Hackers used AI to attack Google's Gemini.

According to BGR , a new research report has just revealed an alarming technique called 'Fun-Tuning,' which uses AI (artificial intelligence) to automatically generate highly effective prompt injection attacks targeting other advanced AI models, including Google's Gemini.

This method makes 'hacking' AI faster, cheaper, and easier than ever before, marking a new escalation in the cybersecurity battle involving AI.

The danger of malicious actors using AI to break AI.

Prompt injection is a technique where malicious actors stealthily insert harmful instructions into the input data of an AI model (e.g., through comments in source code, hidden text on the web). The goal is to 'trick' the AI, forcing it to ignore pre-programmed safety rules, leading to serious consequences such as leaking sensitive data, providing misinformation, or performing other dangerous actions.

Hacker đang dùng chính AI để tấn công Gemini của Google - Ảnh 1. — Hackers are using AI to attack AI.

Previously, successfully executing these attacks, especially on 'closed' models like Gemini or GPT-4, often required a great deal of complex and time-consuming manual testing.

But Fun-Tuning completely changed the landscape. Developed by a team of researchers from multiple universities, this method cleverly exploits the refined application programming interface (API) that Google provides free of charge to Gemini users.

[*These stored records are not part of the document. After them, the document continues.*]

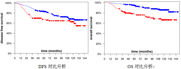 对于新辅助化疗没有取得pCR的324例患者,研究者进一步分析发现,与妈妈泰谱® pCR低评分(N=160,图中蓝线)相比,妈妈泰谱pCR高评分患者(N=110,图中红线)无病生存期(DFS)和总生存期(OS)均显著较差(DFS: HR=1.59, p=0.032; OS: HR=2.85, p < 0.001)。
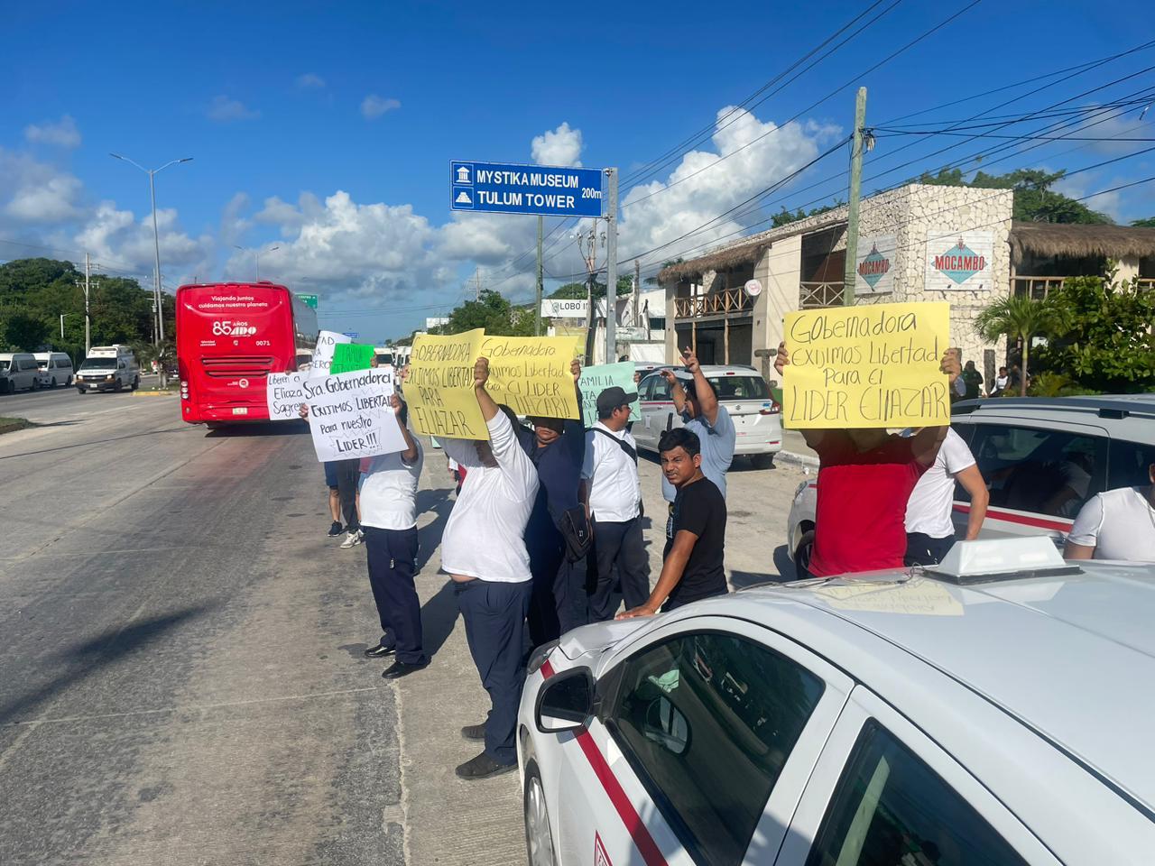 Desde las 8:30 horas los socios taxistas se concentraron en la entrada de la zona arqueológica de Tulum para expresar su inconformidad. Señalaron que continuarán sus protestas hasta que den la libertad a Sagrero, detenido por estar relacionado con una carpeta de investigación por los delitos de homicidio calificado en agravio de cuatro personas, de acuerdo a información de la Fiscalía General del Estado.
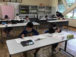 6日ぶりの学校です。5年生は、2校時国語の学習でした。「たずねびと」という単元で、広島に着いてからの「綾」の気持ちを考える学習です。
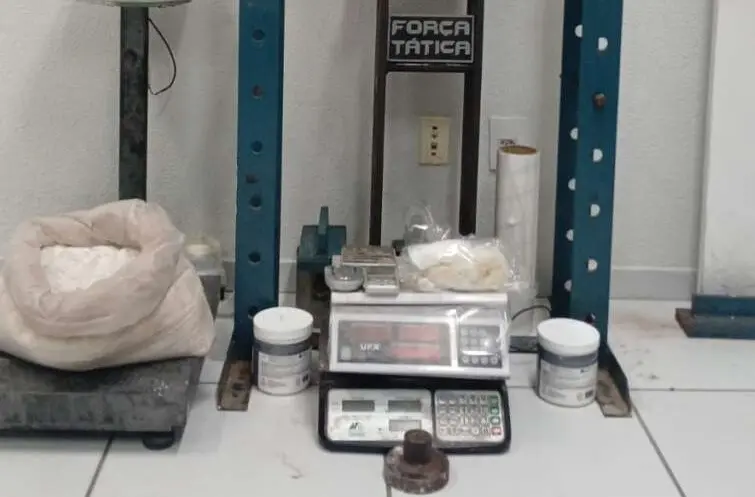 No local, os policiais apreenderam cerca de 55 gramas de crack, 156 gramas de cocaína e cerca de dez quilos de uma substância em pó branco, além de balanças de precisão e outros objetos utilizados para a atividade ilícita.

By analyzing the subtle responses of the Gemini model during the tuning process (for example, how it responds to errors in the data), Fun-Tuning can automatically identify the most effective 'prefixes' and 'suffixes' to mask a malicious statement. This significantly increases the likelihood that the AI will comply with the attacker's malicious intent.

Test results show that Fun-Tuning achieved a success rate of up to 82% on some versions of Gemini, a figure far superior to the less than 30% achieved by traditional attack methods.

What adds to the danger of Fun-Tuning is its extremely low execution cost. Because Google's tuning API is provided free of charge, the computational cost to create an effective attack can be as low as $10. Furthermore, researchers have found that an attack designed for one version of Gemini can easily be successfully applied to other versions, opening up the risk of widespread attacks.

Google has confirmed it is aware of the threat posed by the Fun-Tuning technique but has not yet commented on whether it will change how the tuning API works. The research team also pointed out the difficulty in defending against this: if the information exploited by Fun-Tuning is removed from the tuning process, the API will become less useful to legitimate developers. Conversely, if it remains unchanged, it will continue to be a springboard for malicious actors to exploit.

The emergence of Fun-Tuning is a clear warning, indicating that the confrontation in cyberspace has entered a new, more complex phase. AI is now not only a target but also a tool and weapon in the hands of malicious actors.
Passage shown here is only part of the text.